▶ _TASK TO COMPLETE_:
Please, from the entries below, transcribe exactly the lines that begin at the line with "6. 古着 エディーバウアー" and end at the line with "玄関屋根の改修工事、勾配が緩", without the pictures.

▶ _MATERIAL FOR THE TASK_:
★ ★ ★ ★ ★ ★ ★
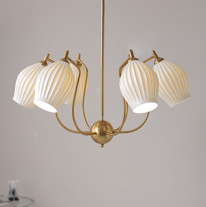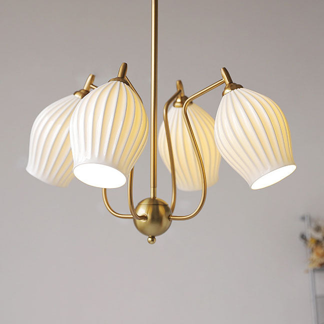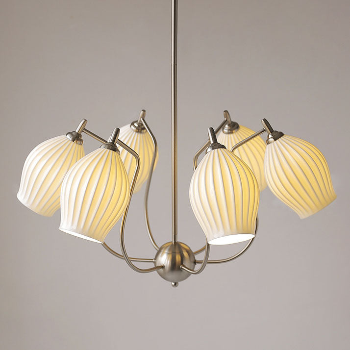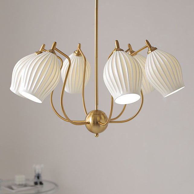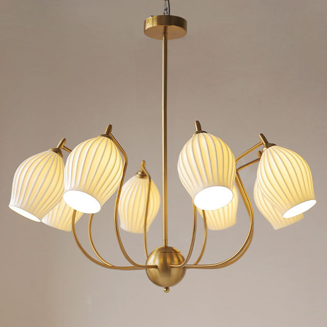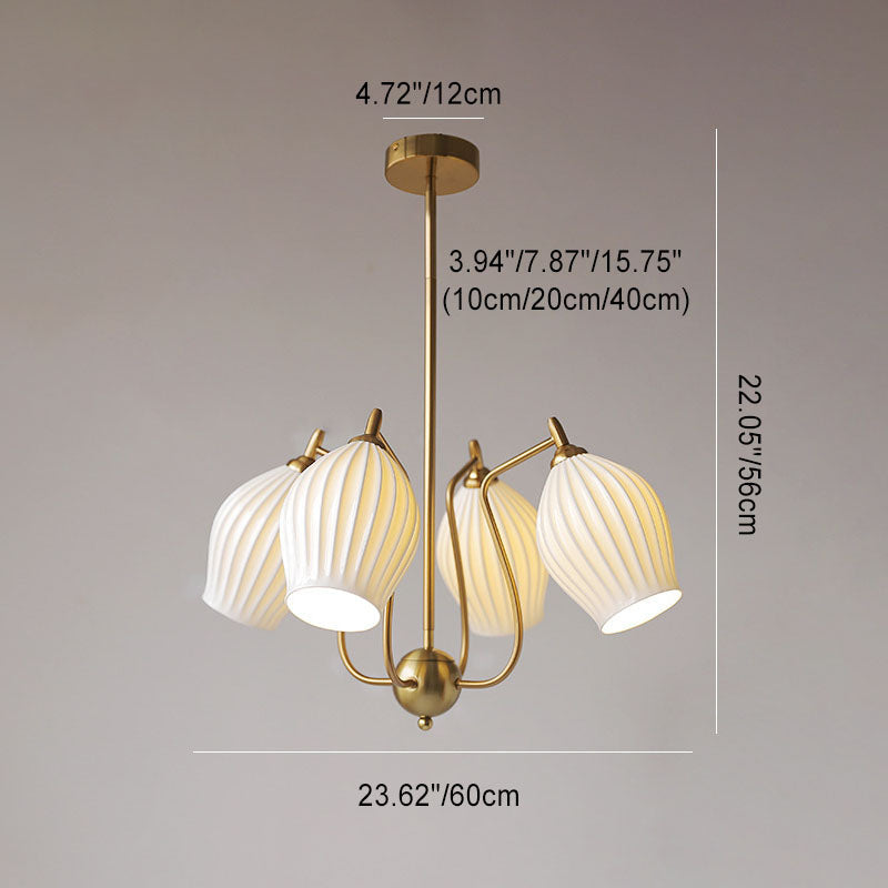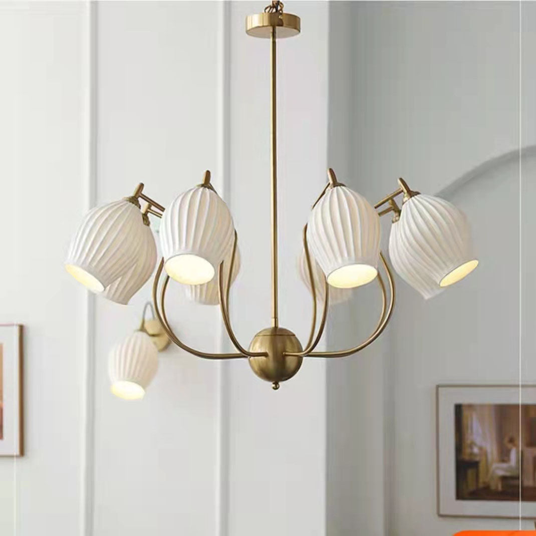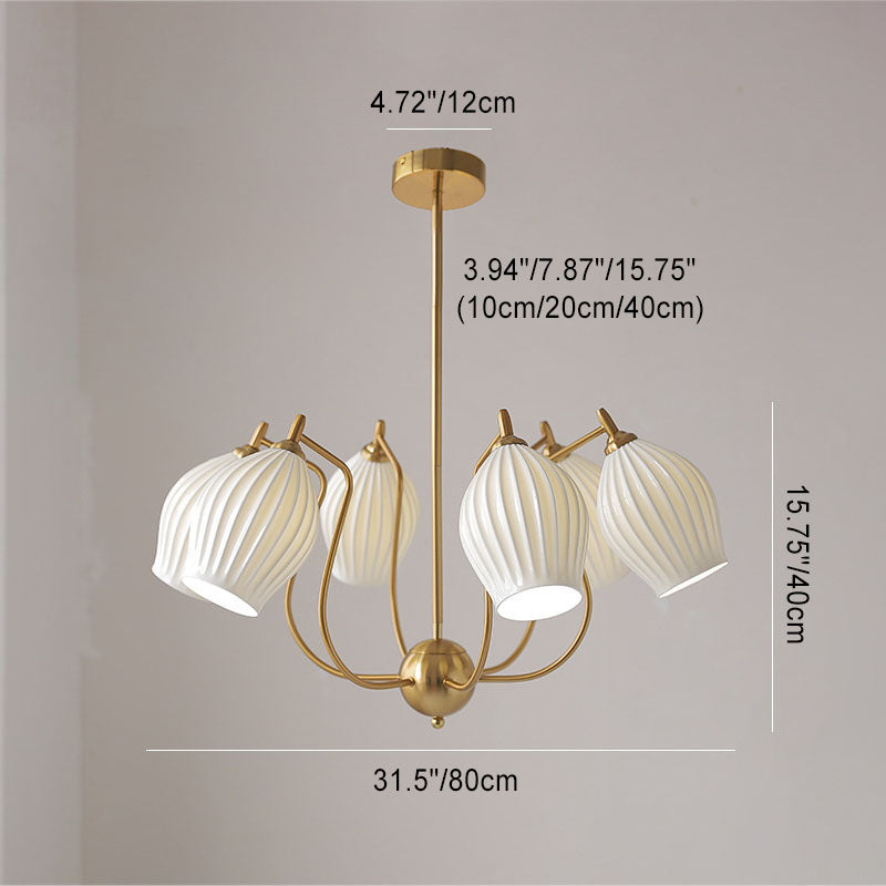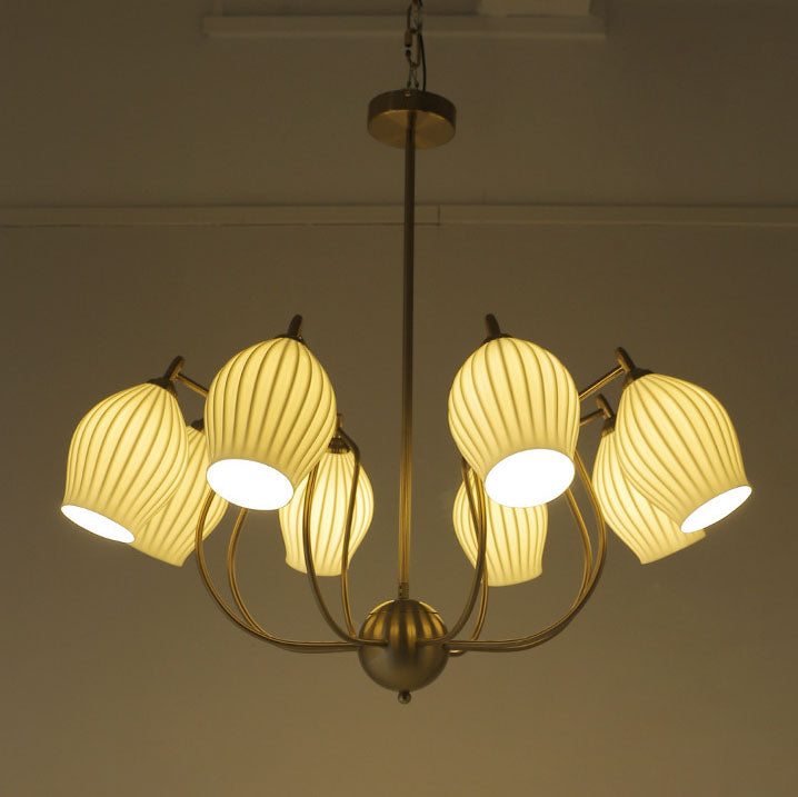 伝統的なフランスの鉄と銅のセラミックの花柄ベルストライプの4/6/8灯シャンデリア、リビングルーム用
★ ★ ★ ★ ★ ★ ★
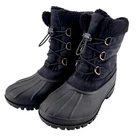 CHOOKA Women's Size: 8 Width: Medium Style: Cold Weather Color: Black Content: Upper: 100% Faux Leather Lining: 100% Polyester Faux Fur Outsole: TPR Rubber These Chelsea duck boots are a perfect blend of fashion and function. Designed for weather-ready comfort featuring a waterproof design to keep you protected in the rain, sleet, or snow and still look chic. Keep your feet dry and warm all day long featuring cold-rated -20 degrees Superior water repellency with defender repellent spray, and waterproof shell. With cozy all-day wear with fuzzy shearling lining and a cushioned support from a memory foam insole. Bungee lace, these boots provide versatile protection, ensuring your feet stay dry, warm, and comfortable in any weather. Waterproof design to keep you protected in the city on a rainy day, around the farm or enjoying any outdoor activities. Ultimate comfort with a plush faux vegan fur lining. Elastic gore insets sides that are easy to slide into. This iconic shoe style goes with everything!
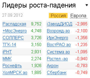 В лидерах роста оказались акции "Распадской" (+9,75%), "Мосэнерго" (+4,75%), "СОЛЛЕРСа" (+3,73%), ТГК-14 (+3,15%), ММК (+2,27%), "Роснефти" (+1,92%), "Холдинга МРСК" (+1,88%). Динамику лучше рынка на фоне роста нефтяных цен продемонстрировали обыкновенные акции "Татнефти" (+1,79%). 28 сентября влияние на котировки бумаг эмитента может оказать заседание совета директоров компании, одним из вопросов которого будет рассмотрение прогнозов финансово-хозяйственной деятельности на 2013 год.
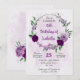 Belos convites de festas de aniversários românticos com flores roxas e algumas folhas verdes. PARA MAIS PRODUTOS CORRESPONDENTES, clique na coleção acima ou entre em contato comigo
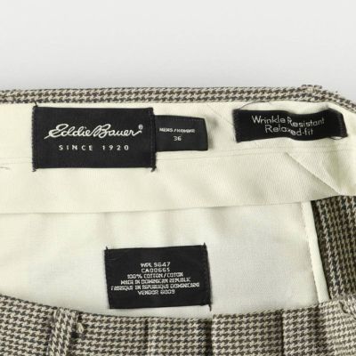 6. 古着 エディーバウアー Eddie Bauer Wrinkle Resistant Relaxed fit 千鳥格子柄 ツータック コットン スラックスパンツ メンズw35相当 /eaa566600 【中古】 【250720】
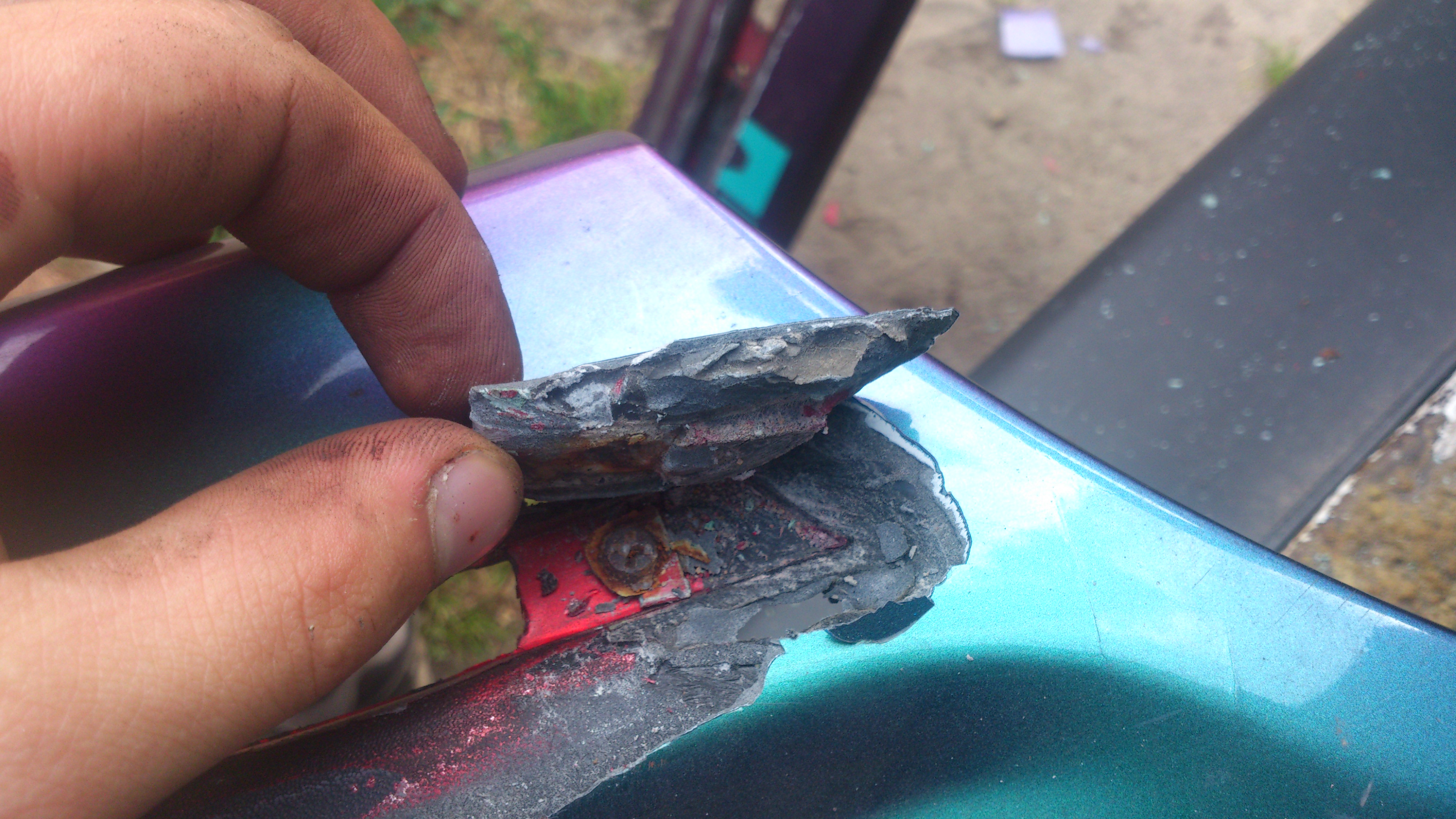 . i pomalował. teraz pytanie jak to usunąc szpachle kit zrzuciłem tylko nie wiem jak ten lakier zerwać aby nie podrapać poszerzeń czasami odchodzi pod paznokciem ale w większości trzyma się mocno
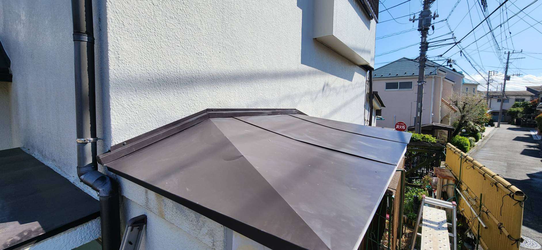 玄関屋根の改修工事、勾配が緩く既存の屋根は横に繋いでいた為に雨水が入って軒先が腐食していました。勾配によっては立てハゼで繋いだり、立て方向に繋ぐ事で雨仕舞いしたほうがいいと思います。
★ ★ ★ ★ ★ ★ ★
▶ _TASK RESPONSE_:
 6. 古着 エディーバウアー Eddie Bauer Wrinkle Resistant Relaxed fit 千鳥格子柄 ツータック コットン スラックスパンツ メンズw35相当 /eaa566600 【中古】 【250720】
 . i pomalował. teraz pytanie jak to usunąc szpachle kit zrzuciłem tylko nie wiem jak ten lakier zerwać aby nie podrapać poszerzeń czasami odchodzi pod paznokciem ale w większości trzyma się mocno
 玄関屋根の改修工事、勾配が緩く既存の屋根は横に繋いでいた為に雨水が入って軒先が腐食していました。勾配によっては立てハゼで繋いだり、立て方向に繋ぐ事で雨仕舞いしたほうがいいと思います。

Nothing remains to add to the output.